WHAT NEEDS TO BE DONE: All of the data should be given again word for word, though the images are to be left out.
━━ COLLECTED DATA ━━
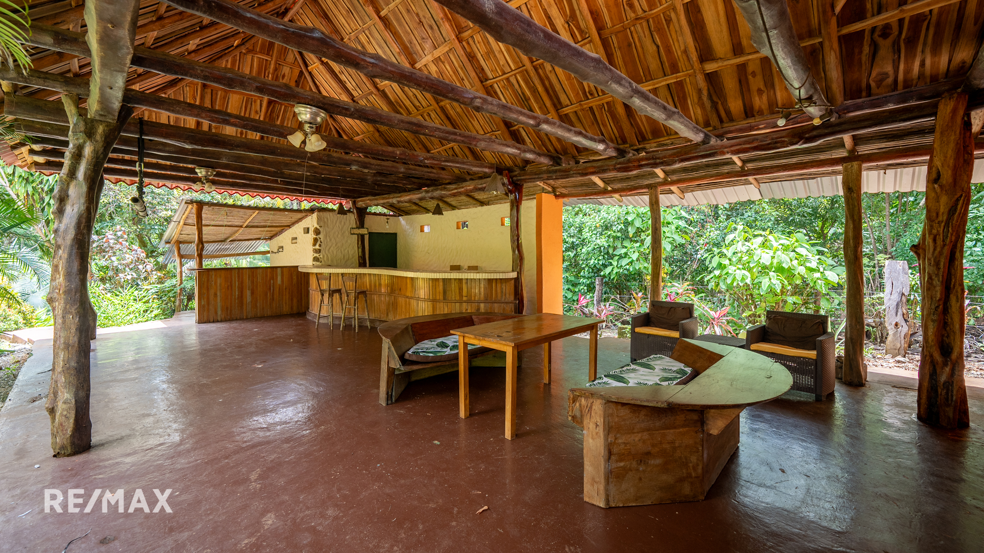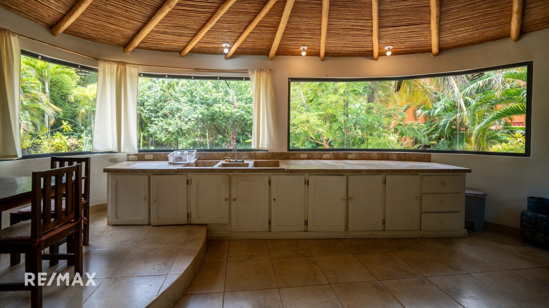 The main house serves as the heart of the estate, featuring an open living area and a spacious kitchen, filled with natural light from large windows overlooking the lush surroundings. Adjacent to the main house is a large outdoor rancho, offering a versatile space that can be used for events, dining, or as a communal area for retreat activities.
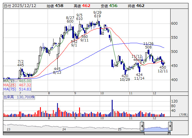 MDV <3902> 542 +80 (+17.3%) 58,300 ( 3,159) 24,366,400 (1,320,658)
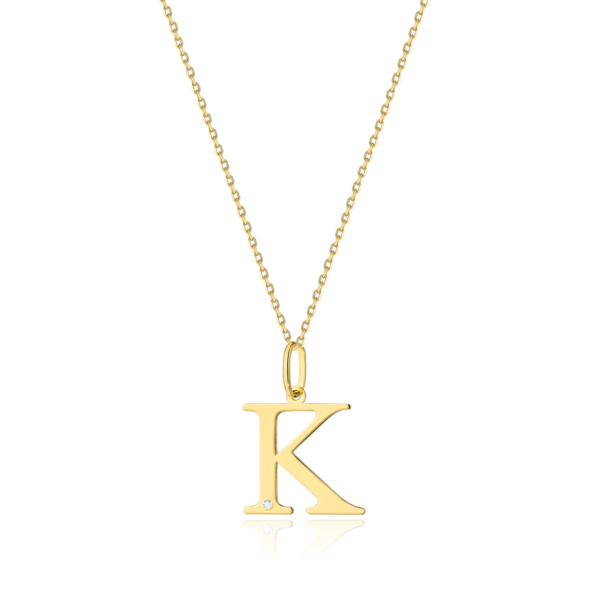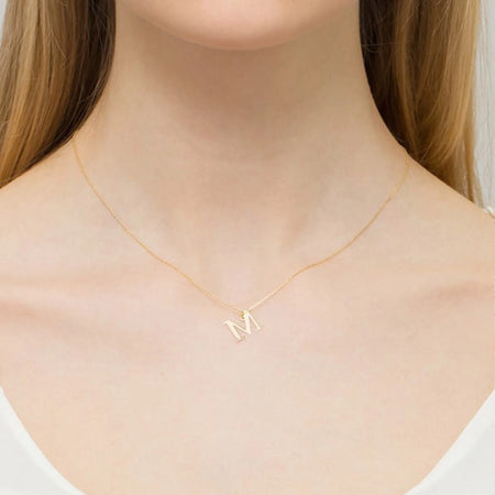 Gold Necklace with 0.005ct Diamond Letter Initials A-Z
━━━
ANSWER SPACE:
 The main house serves as the heart of the estate, featuring an open living area and a spacious kitchen, filled with natural light from large windows overlooking the lush surroundings. Adjacent to the main house is a large outdoor rancho, offering a versatile space that can be used for events, dining, or as a communal area for retreat activities.
 MDV <3902> 542 +80 (+17.3%) 58,300 ( 3,159) 24,366,400 (1,320,658)
 Gold Necklace with 0.005ct Diamond Letter Initials A-Z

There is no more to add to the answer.